| Task statement |
Your answer must be the exact lines below, starting with the line with "Banco fabricado con" and going on through the line with "Febuxostat Impurity 55 is chemically", both included, with no pictures.

[Source records]

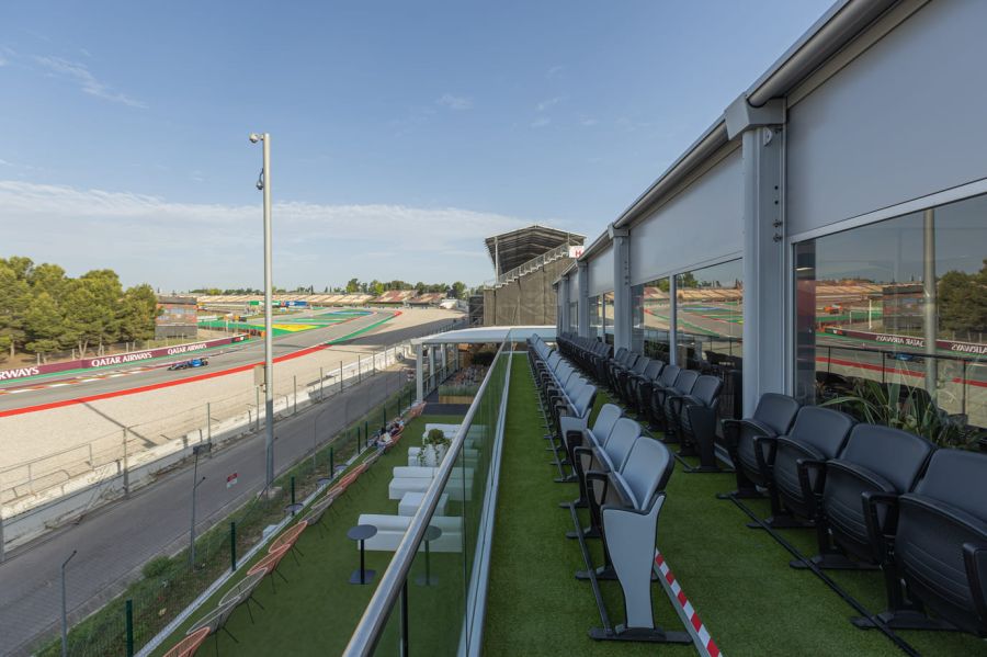 - Access to two terraces (a small one on the same level, with panoramic views of the final turn and access to the pit lane; and another on the lower level)
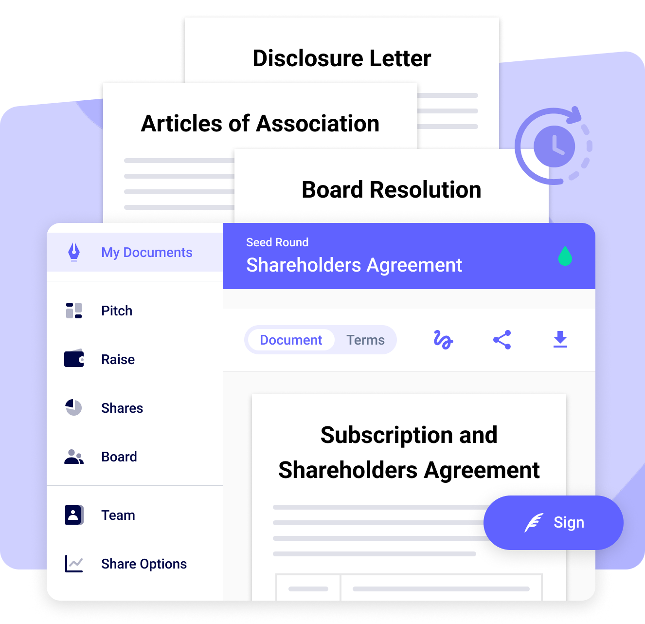 Share and collect signatures online via SeedLegals
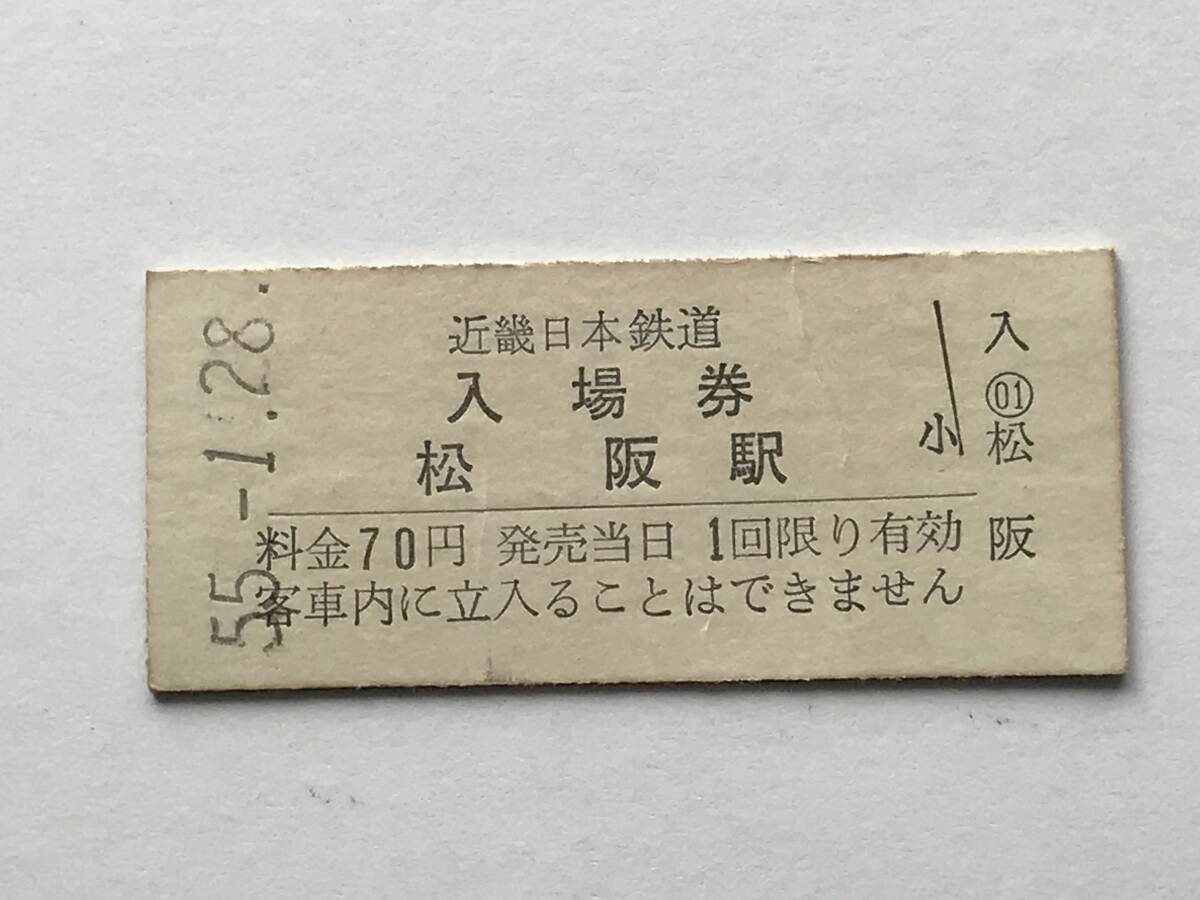 - 昔の切符 きっぷ 硬券 近畿日本鉄道 松阪駅 入場券 料金70円 サイズ:約2.5×約5.8㎝ S55 HF5428 くるり岸田繁
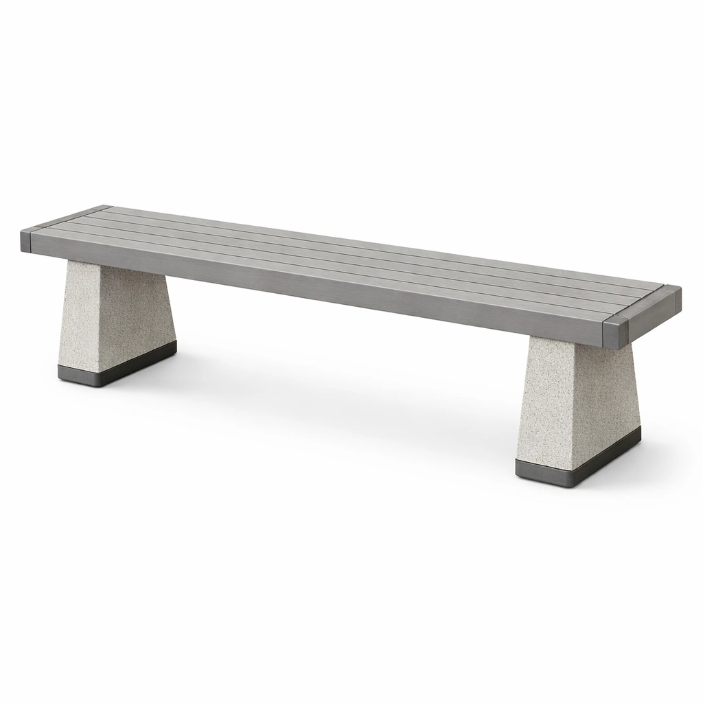 Banco fabricado con madera compuesta y soportes de hormigón. Capacidad de carga: 250 kg. Color gris. Peso: 35 kg. Evitar la exposición prolongada al agua y limpiar con un paño seco.
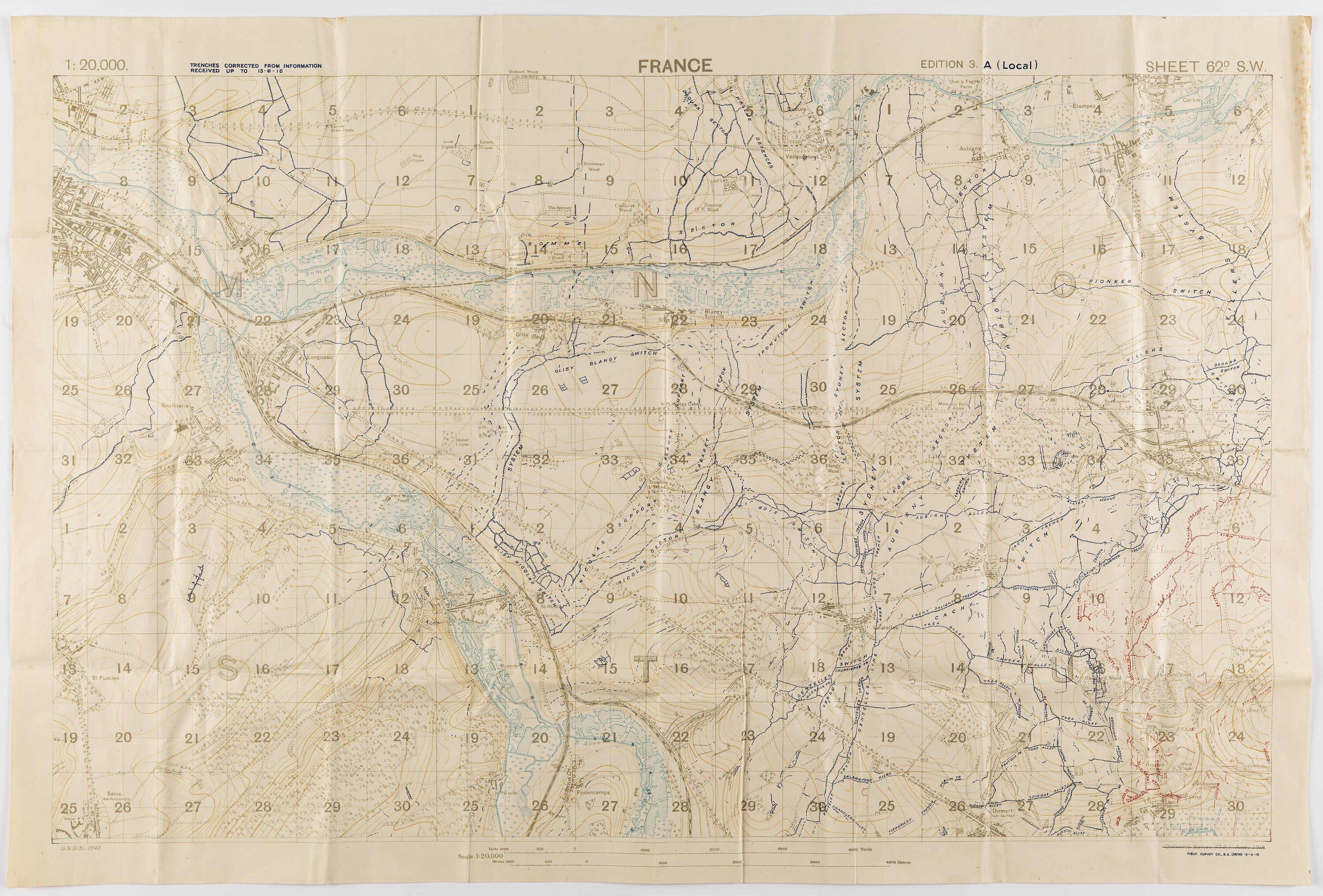 Printed on front: '1:20,000. / TRENCHES CORRECTED FROM INFORMATION / RECEIVED UP TO 15.6.18 / FRANCE / EDITION 3.A (Local) SHEET 62D. S.W. / G.S,G.S. 2742 / Ordnance Survey, (O.B.) June, 1918 [crossed out] / FIELD SURVEY CO., R.E. (3808) 18-6-18'.
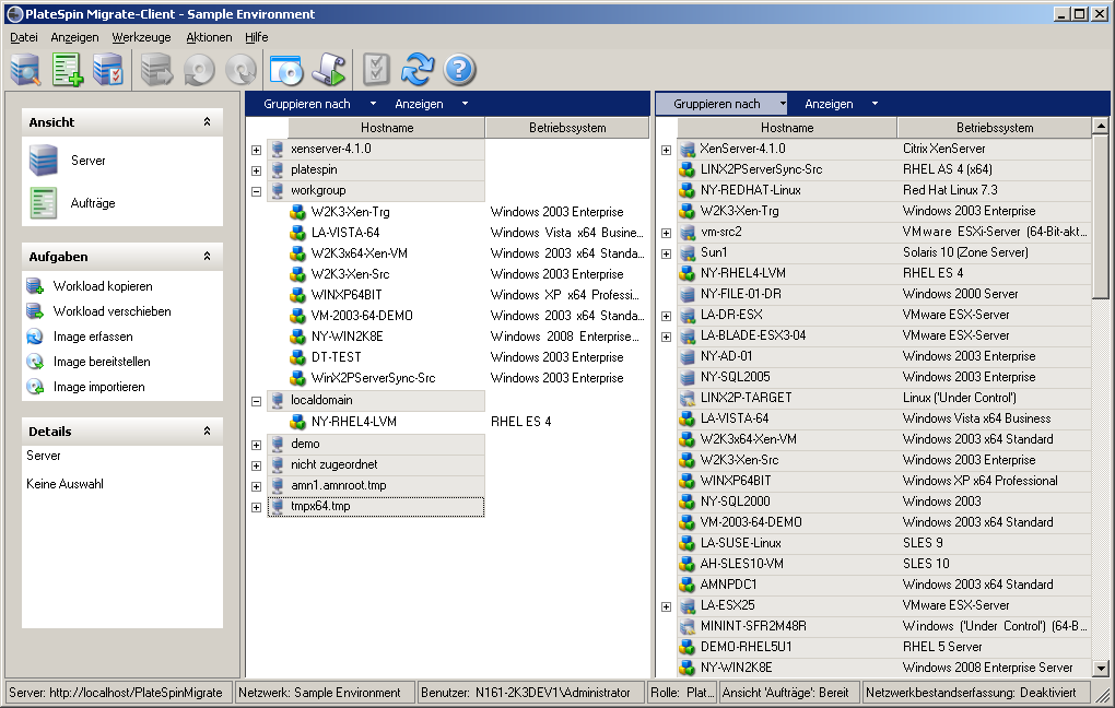Statuszeile: Die Statuszeile am unteren Rand des PlateSpin Migrate-Client-Fensters zeigt eine Reihe von Informationen an: den PlateSpin-Server, mit dem der Client gerade verbunden ist, das PlateSpin Migrate-Netzwerk, mit dem Sie zurzeit arbeiten, den Namen und die Rolle des aktuell angemeldeten Benutzers sowie den Status der automatischen Netzwerkbestandserfassungsfunktion. Weitere Informationen hierzu finden Sie unter Abschnitt 3.2.5, Statusleiste.
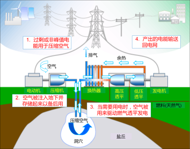 目前,德国(Huntorf 60MWh)和美国(McIntosh 110MW)CAES电站已投入规模化商业应用,日、瑞士、俄、法、意、卢森堡、以色列和韩国等也在积极开发CAES电站。鉴于传统CAES存在的依赖燃料和大型储气室的技术瓶颈,国内外多家公司及研究机构提出了多种新型的CAES系统方案,包括蓄热式压缩空气储能、绝热压缩空气储能、液态空气储能等,可以一定程度上解决上述技术瓶颈。
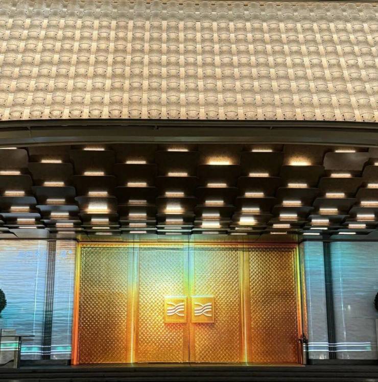 你看社区大门宽约46米,高约9米,灵感源自“京杭大运河博物馆”设计,顶部大约2280块水晶瓦精心雕琢,内部超300块金鳞铝板手工拼接,还有层叠水景,整个一看就贵气。
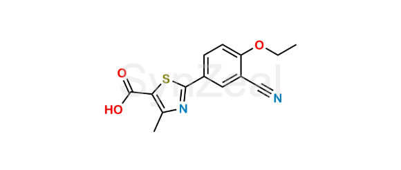 Febuxostat Impurity 55 is chemically 2-(3-Cyano-4-ethoxyphenyl)-4-methylthiazole-5-carboxylic acid. Febuxostat Impurity 55 is supplied with detailed characterization data compliant with regulatory guideline. Febuxostat Impurity 55 can be used for the analytical method development, method validation (AMV), Quality Controlled (QC) application for Abbreviated New Drug Application (ANDA) or during commercial production of Febuxostat.
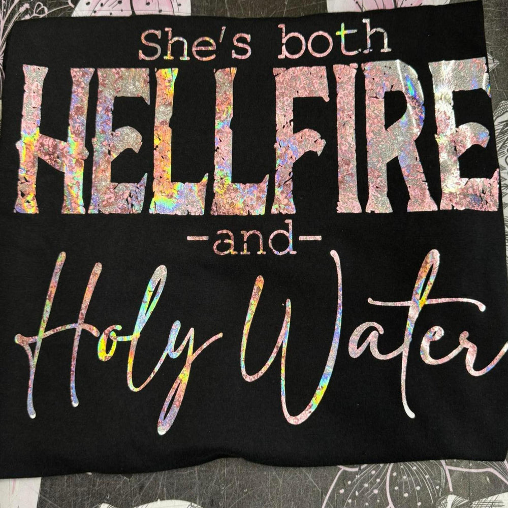 Shes Both Hellfire and Holy Water Holographic Shirt Apparel Womens Clothing - Unisex Fit - Screen Print Holographic C-65 - Pink Heart Silver Halo
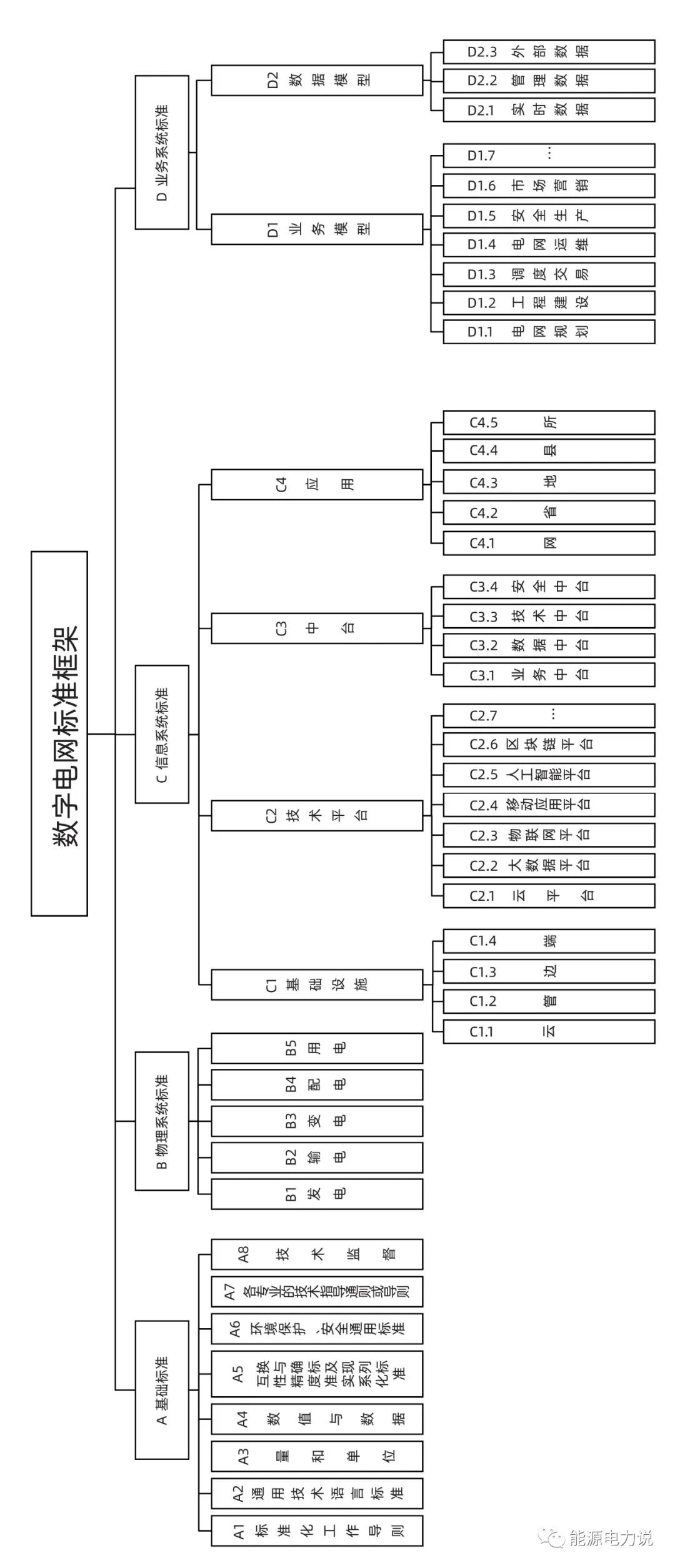 基礎(chǔ)標(biāo)準(zhǔn):包括了標(biāo)準(zhǔn)化工作導(dǎo)則、通用技術(shù)語(yǔ)言標(biāo)準(zhǔn)等基礎(chǔ)通用標(biāo)準(zhǔn)。物理系統(tǒng)標(biāo)準(zhǔn):包括了發(fā)電、輸電、變電、配電、用電五部分。信息系統(tǒng)標(biāo)準(zhǔn) :包括了業(yè)務(wù)中臺(tái)、數(shù)據(jù)中臺(tái)、技術(shù)中臺(tái)、安全中臺(tái)等中臺(tái)的標(biāo)準(zhǔn)。業(yè)務(wù)系統(tǒng)標(biāo)準(zhǔn):包括了業(yè)務(wù)模型與數(shù)據(jù)模型。
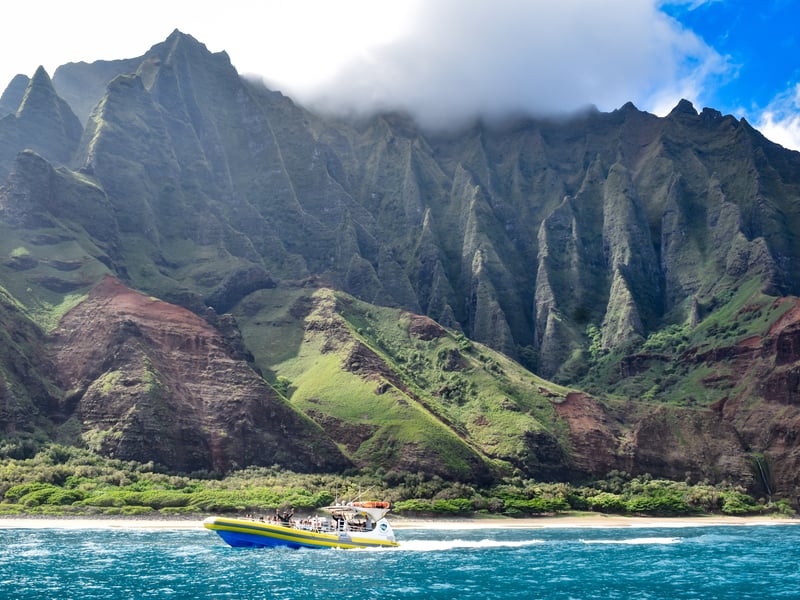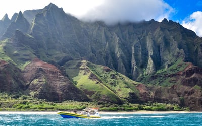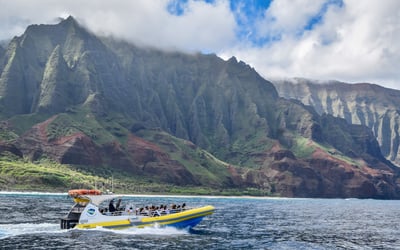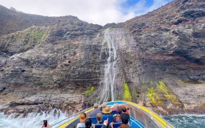 Explore sea caves, waterfalls, and vibrant marine life on a fast-paced 4.5-hour Na Pali Coast raft tour.
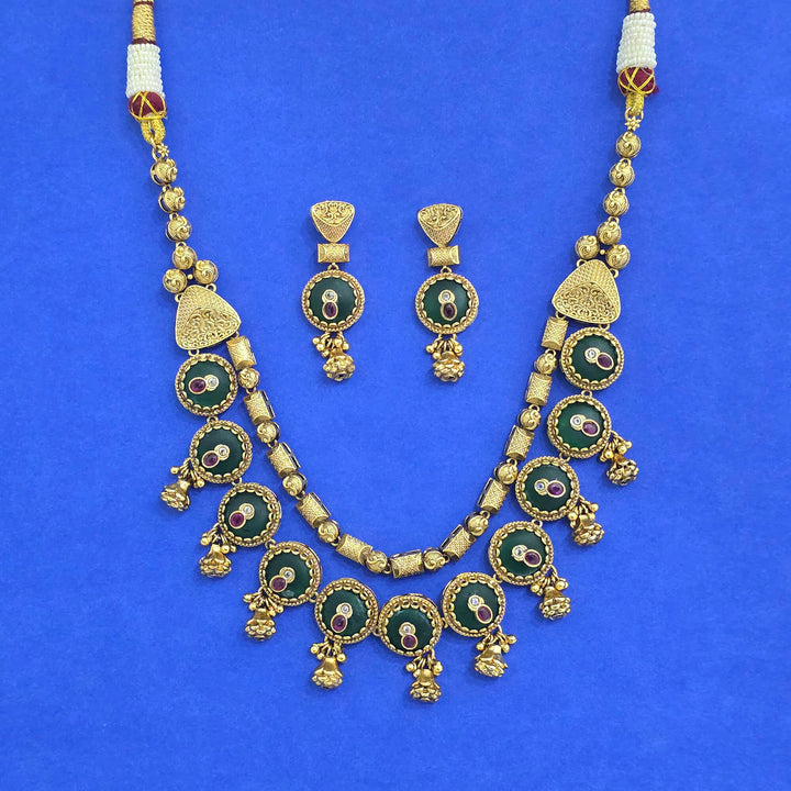 Weight: 82.0 Grams, Earring Height = 47 mm || Width = 15 mm,Regular Size (Approx 14 Inch) & Adjustable,Matte Gold Plating,Antique Necklace Set

| Response to the task |
 Banco fabricado con madera compuesta y soportes de hormigón. Capacidad de carga: 250 kg. Color gris. Peso: 35 kg. Evitar la exposición prolongada al agua y limpiar con un paño seco.
 Printed on front: '1:20,000. / TRENCHES CORRECTED FROM INFORMATION / RECEIVED UP TO 15.6.18 / FRANCE / EDITION 3.A (Local) SHEET 62D. S.W. / G.S,G.S. 2742 / Ordnance Survey, (O.B.) June, 1918 [crossed out] / FIELD SURVEY CO., R.E. (3808) 18-6-18'.
Statuszeile: Die Statuszeile am unteren Rand des PlateSpin Migrate-Client-Fensters zeigt eine Reihe von Informationen an: den PlateSpin-Server, mit dem der Client gerade verbunden ist, das PlateSpin Migrate-Netzwerk, mit dem Sie zurzeit arbeiten, den Namen und die Rolle des aktuell angemeldeten Benutzers sowie den Status der automatischen Netzwerkbestandserfassungsfunktion. Weitere Informationen hierzu finden Sie unter Abschnitt 3.2.5, Statusleiste.
 目前,德国(Huntorf 60MWh)和美国(McIntosh 110MW)CAES电站已投入规模化商业应用,日、瑞士、俄、法、意、卢森堡、以色列和韩国等也在积极开发CAES电站。鉴于传统CAES存在的依赖燃料和大型储气室的技术瓶颈,国内外多家公司及研究机构提出了多种新型的CAES系统方案,包括蓄热式压缩空气储能、绝热压缩空气储能、液态空气储能等,可以一定程度上解决上述技术瓶颈。
 你看社区大门宽约46米,高约9米,灵感源自“京杭大运河博物馆”设计,顶部大约2280块水晶瓦精心雕琢,内部超300块金鳞铝板手工拼接,还有层叠水景,整个一看就贵气。
 Febuxostat Impurity 55 is chemically 2-(3-Cyano-4-ethoxyphenyl)-4-methylthiazole-5-carboxylic acid. Febuxostat Impurity 55 is supplied with detailed characterization data compliant with regulatory guideline. Febuxostat Impurity 55 can be used for the analytical method development, method validation (AMV), Quality Controlled (QC) application for Abbreviated New Drug Application (ANDA) or during commercial production of Febuxostat.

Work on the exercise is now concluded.